• **Dataset content**
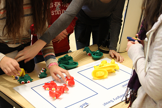 In a different version of the Stroop task, kids categorized small plastic toys based on their shape (car, boat, airplane) or color (red, yellow, green). First they had to sort by color, and then I-LABS staff switched the rule and told them to sort by shape – boats versus airplanes, for instance.
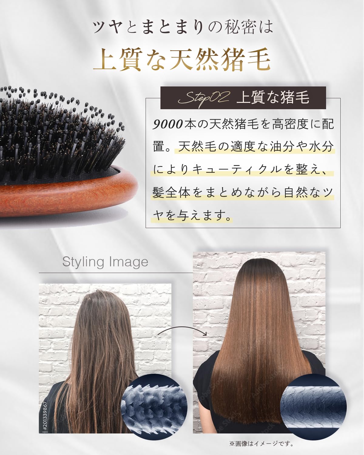 ?天然猪毛×丸玉ナイロン毛のダブル植毛。長めのナイロン玉がもつれやからみを取り除き、不ぞろいで短い猪毛が毛流れを整え、同時に頭皮付近の皮脂を万遍なく毛先まで行き渡らせ、髪に美しい艶を出してくれます。
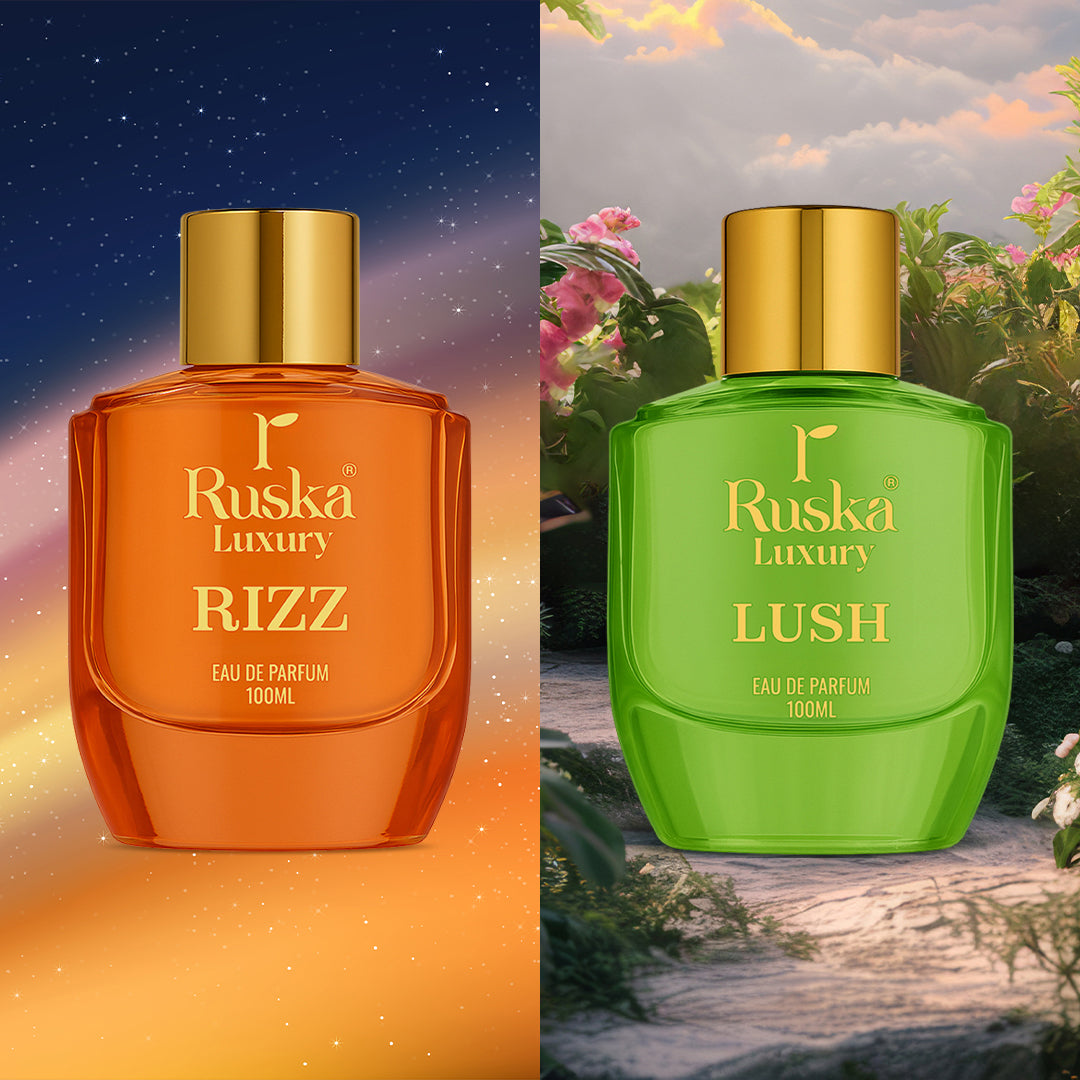Experience the refined beauty of Lush and Ruska — two premium Eau de Parfums crafted for unforgettable moments.

• **Task details**
Repeat the data above exactly, leaving out any pictures it holds.

• **Expected answer**
 In a different version of the Stroop task, kids categorized small plastic toys based on their shape (car, boat, airplane) or color (red, yellow, green). First they had to sort by color, and then I-LABS staff switched the rule and told them to sort by shape – boats versus airplanes, for instance.
 ?天然猪毛×丸玉ナイロン毛のダブル植毛。長めのナイロン玉がもつれやからみを取り除き、不ぞろいで短い猪毛が毛流れを整え、同時に頭皮付近の皮脂を万遍なく毛先まで行き渡らせ、髪に美しい艶を出してくれます。
Experience the refined beauty of Lush and Ruska — two premium Eau de Parfums crafted for unforgettable moments.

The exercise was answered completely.